__Task to complete__
Copy, word for word, the lines below from the one containing "Проходные телевизионные розетки" up to and including the one containing "جويلية سنة 1948.", with pictures left out.

__Provided data__
=====
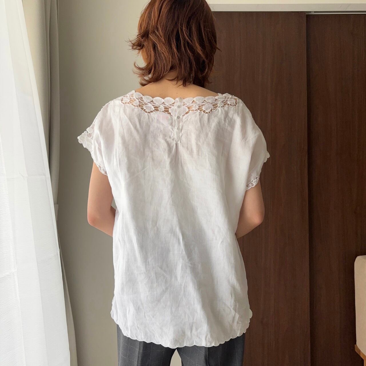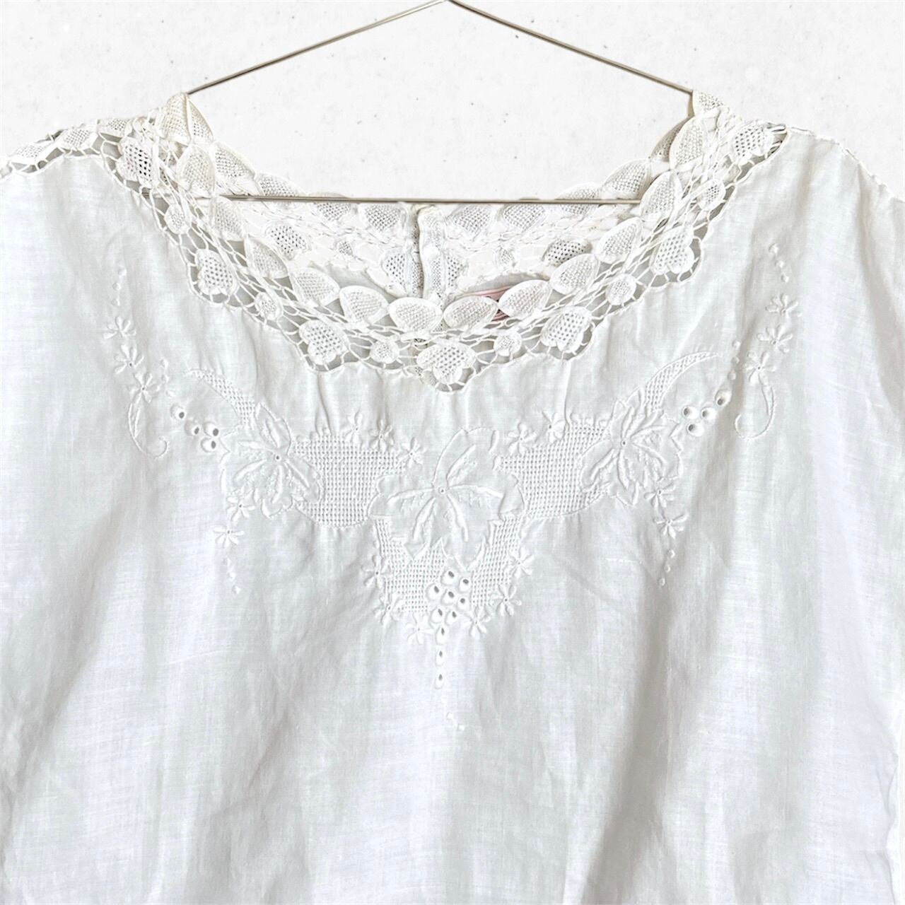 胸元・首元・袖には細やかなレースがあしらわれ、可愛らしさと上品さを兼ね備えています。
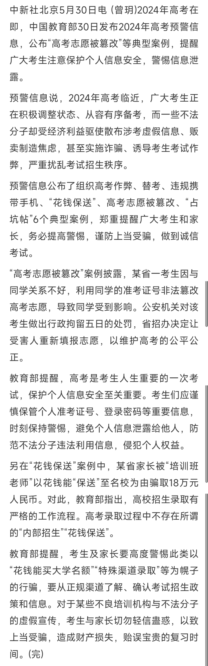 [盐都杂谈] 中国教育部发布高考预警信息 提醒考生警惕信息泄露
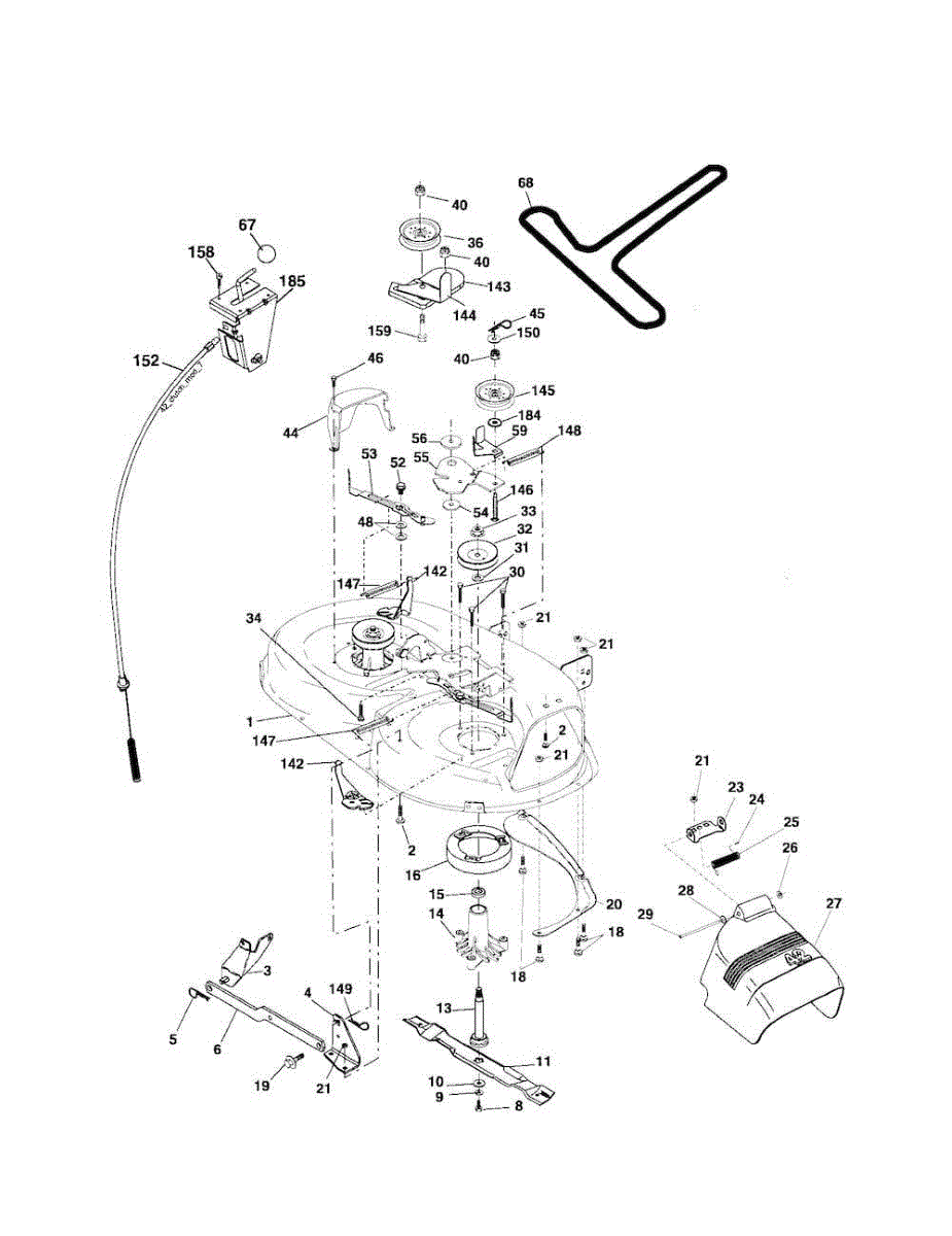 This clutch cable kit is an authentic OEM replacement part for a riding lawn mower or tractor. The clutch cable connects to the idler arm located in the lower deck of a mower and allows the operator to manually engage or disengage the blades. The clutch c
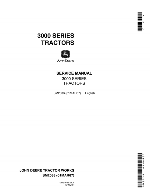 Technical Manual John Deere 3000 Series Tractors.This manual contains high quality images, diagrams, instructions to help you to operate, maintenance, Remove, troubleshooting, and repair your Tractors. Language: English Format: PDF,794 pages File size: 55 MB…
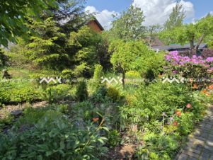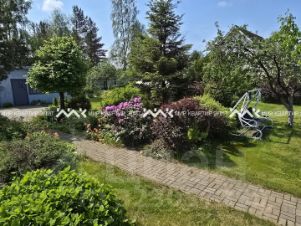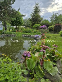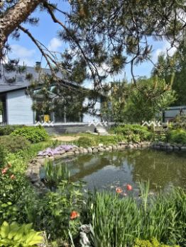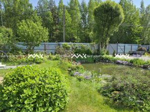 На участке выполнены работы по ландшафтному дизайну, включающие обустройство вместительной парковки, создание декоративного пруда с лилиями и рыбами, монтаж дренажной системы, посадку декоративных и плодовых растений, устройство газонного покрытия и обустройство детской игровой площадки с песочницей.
=====
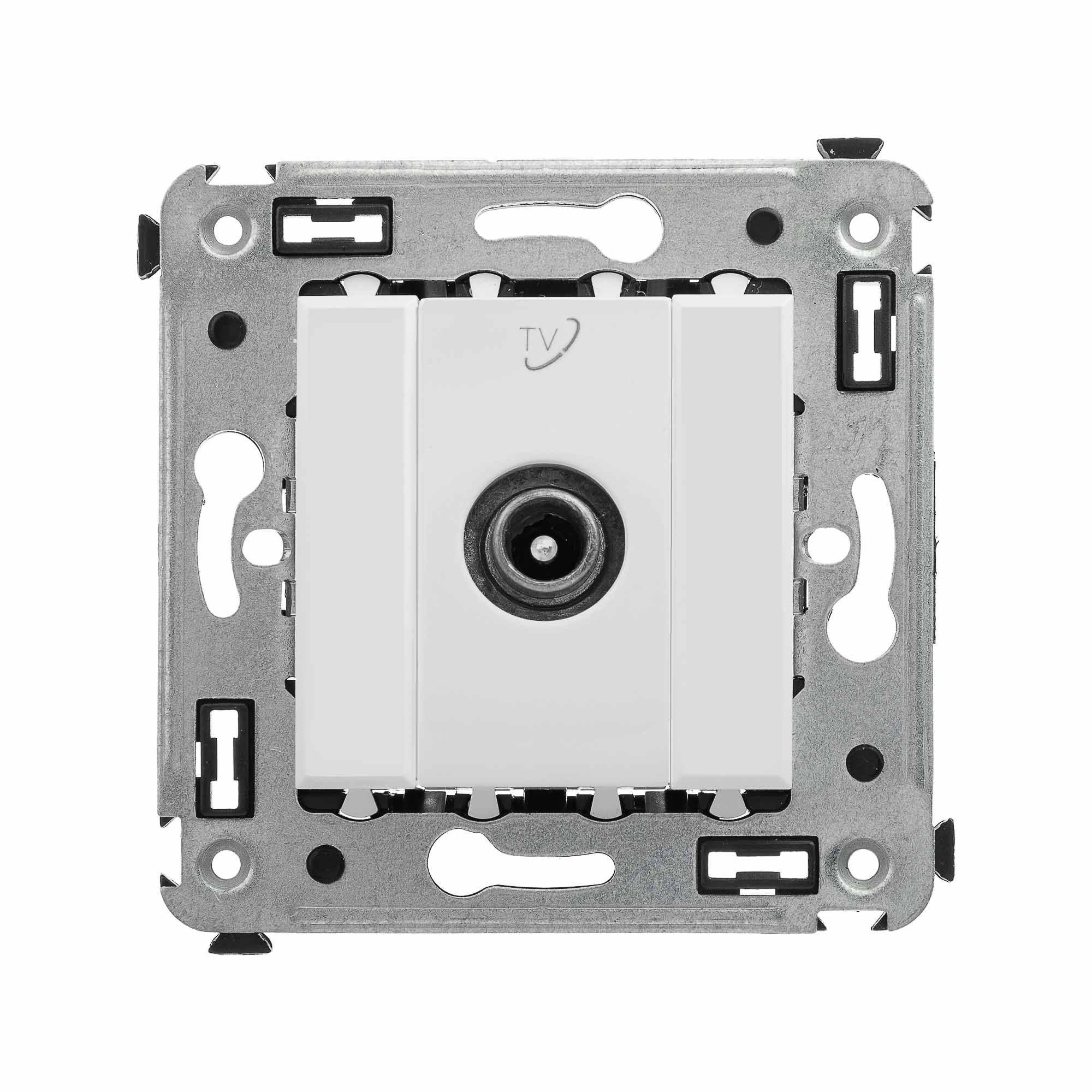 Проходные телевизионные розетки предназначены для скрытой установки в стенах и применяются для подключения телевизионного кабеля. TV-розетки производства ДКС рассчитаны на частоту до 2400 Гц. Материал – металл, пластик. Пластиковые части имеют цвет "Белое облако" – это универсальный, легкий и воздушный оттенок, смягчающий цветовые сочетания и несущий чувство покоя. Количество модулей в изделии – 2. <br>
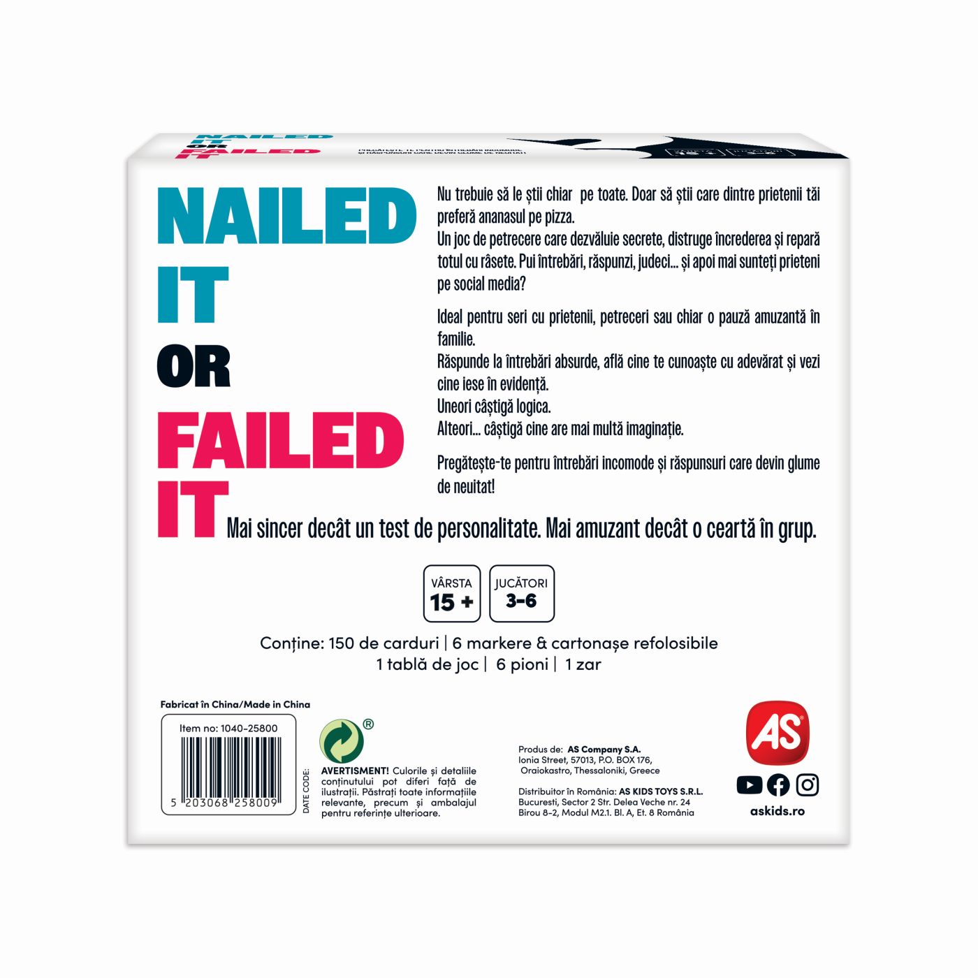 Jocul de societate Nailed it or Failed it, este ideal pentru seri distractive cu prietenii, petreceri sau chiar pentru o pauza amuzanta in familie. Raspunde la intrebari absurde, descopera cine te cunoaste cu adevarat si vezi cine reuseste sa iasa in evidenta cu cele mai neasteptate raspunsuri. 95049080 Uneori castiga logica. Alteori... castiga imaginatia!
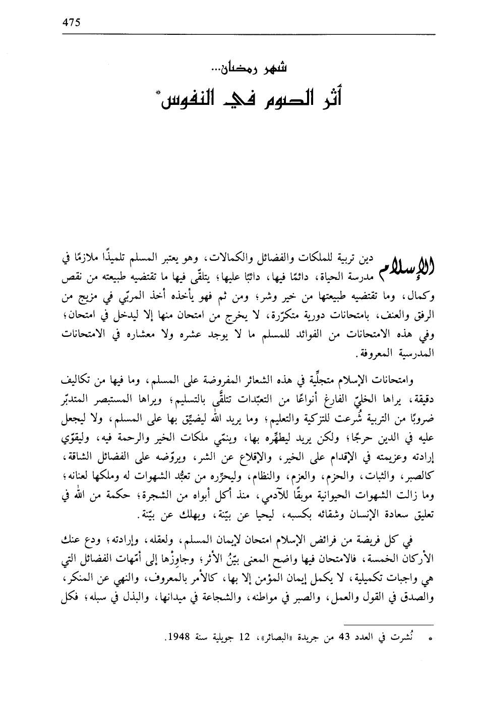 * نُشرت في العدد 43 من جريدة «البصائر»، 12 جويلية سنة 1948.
=====
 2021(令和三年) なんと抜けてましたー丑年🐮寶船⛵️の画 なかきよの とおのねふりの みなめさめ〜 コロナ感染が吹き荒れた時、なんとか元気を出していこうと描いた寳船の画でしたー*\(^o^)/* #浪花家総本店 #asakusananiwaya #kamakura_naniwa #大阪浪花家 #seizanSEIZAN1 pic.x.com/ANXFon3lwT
=====
__Problem solution__
 Проходные телевизионные розетки предназначены для скрытой установки в стенах и применяются для подключения телевизионного кабеля. TV-розетки производства ДКС рассчитаны на частоту до 2400 Гц. Материал – металл, пластик. Пластиковые части имеют цвет "Белое облако" – это универсальный, легкий и воздушный оттенок, смягчающий цветовые сочетания и несущий чувство покоя. Количество модулей в изделии – 2. <br>
 Jocul de societate Nailed it or Failed it, este ideal pentru seri distractive cu prietenii, petreceri sau chiar pentru o pauza amuzanta in familie. Raspunde la intrebari absurde, descopera cine te cunoaste cu adevarat si vezi cine reuseste sa iasa in evidenta cu cele mai neasteptate raspunsuri. 95049080 Uneori castiga logica. Alteori... castiga imaginatia!
 * نُشرت في العدد 43 من جريدة «البصائر»، 12 جويلية سنة 1948.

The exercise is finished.